» TASK STATEMENT
Drop all images. Then write out each line below exactly as given.

» DATA SEGMENT
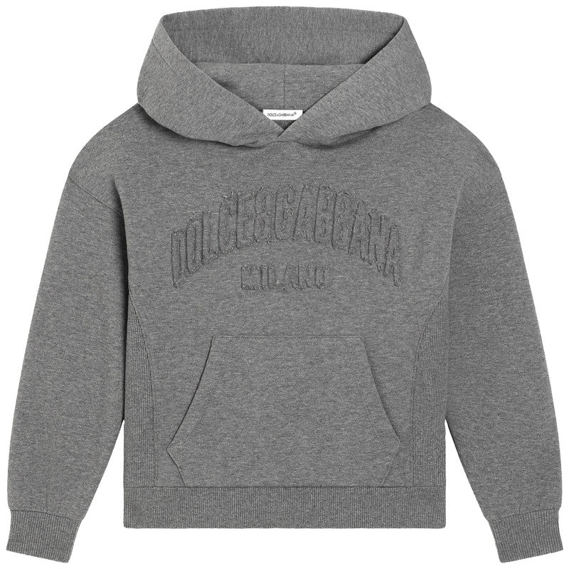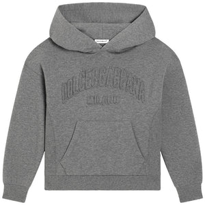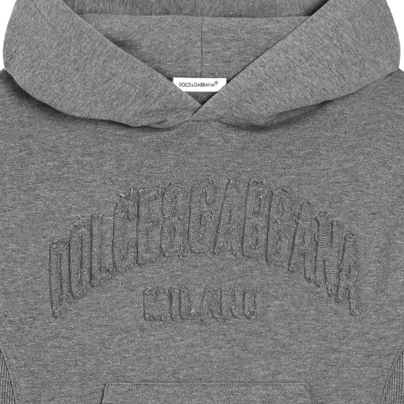 Wrap him up in sophisticated comfort with this Dolce & Gabbana grey pullover hoodie. It features an embroidered, tonal Dolce&Gabbana Milano arch logo and a classic kangaroo pocket, perfect for everyday style.
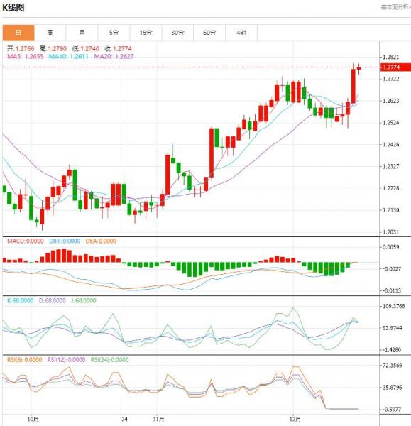 行情分析:汇价高见1.2790,低见1.2740。上一交易日,基本面上看,英镑昨日大幅攀升,冲击1.2800关口并刷新4个月高位。美元指数在鸽派美联储决议影响发酵,美联储降息预期升温的打压下刷新4个月低位是支撑英镑攀升的主要原因。此外,时段内英国央行利率维稳并释放鹰派信号也对汇价构成了一定的支撑。技术面上看,日图以大阳线突破前高1.2732,打开进一步上行空间,但短线偏离均线,不排除修正的可能性。4小时图短期均线上行提供支持,短线关注1.2800阻力。小时图连续拉升后在高位整理,随机指标熊背离。
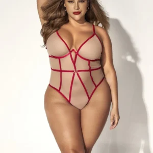 So Sexy! Dieser raffinierte und elegante Body in großen Größen. Hautfarbener Netzstoff, akzentuiert durch rote Nähte. Body mit Bügeln für besseren Halt und kleinem Metallherz auf der Vorderseite. Verstellbare Träger. String-Body…brasilianische Abdeckung. Verstellbarer Verschluss im Schritt. Zusammensetzung: 70% Polyamid 30% Elasthan
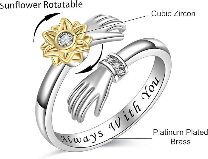 Cross-border Explosions Amazon Adjustable Sunflower Rotating Silver Ring with Diamond Simple Mori-style Hands Embrace Finger Ring

» TASK RESULT
 Wrap him up in sophisticated comfort with this Dolce & Gabbana grey pullover hoodie. It features an embroidered, tonal Dolce&Gabbana Milano arch logo and a classic kangaroo pocket, perfect for everyday style.
 行情分析:汇价高见1.2790,低见1.2740。上一交易日,基本面上看,英镑昨日大幅攀升,冲击1.2800关口并刷新4个月高位。美元指数在鸽派美联储决议影响发酵,美联储降息预期升温的打压下刷新4个月低位是支撑英镑攀升的主要原因。此外,时段内英国央行利率维稳并释放鹰派信号也对汇价构成了一定的支撑。技术面上看,日图以大阳线突破前高1.2732,打开进一步上行空间,但短线偏离均线,不排除修正的可能性。4小时图短期均线上行提供支持,短线关注1.2800阻力。小时图连续拉升后在高位整理,随机指标熊背离。
 So Sexy! Dieser raffinierte und elegante Body in großen Größen. Hautfarbener Netzstoff, akzentuiert durch rote Nähte. Body mit Bügeln für besseren Halt und kleinem Metallherz auf der Vorderseite. Verstellbare Träger. String-Body…brasilianische Abdeckung. Verstellbarer Verschluss im Schritt. Zusammensetzung: 70% Polyamid 30% Elasthan
 Cross-border Explosions Amazon Adjustable Sunflower Rotating Silver Ring with Diamond Simple Mori-style Hands Embrace Finger Ring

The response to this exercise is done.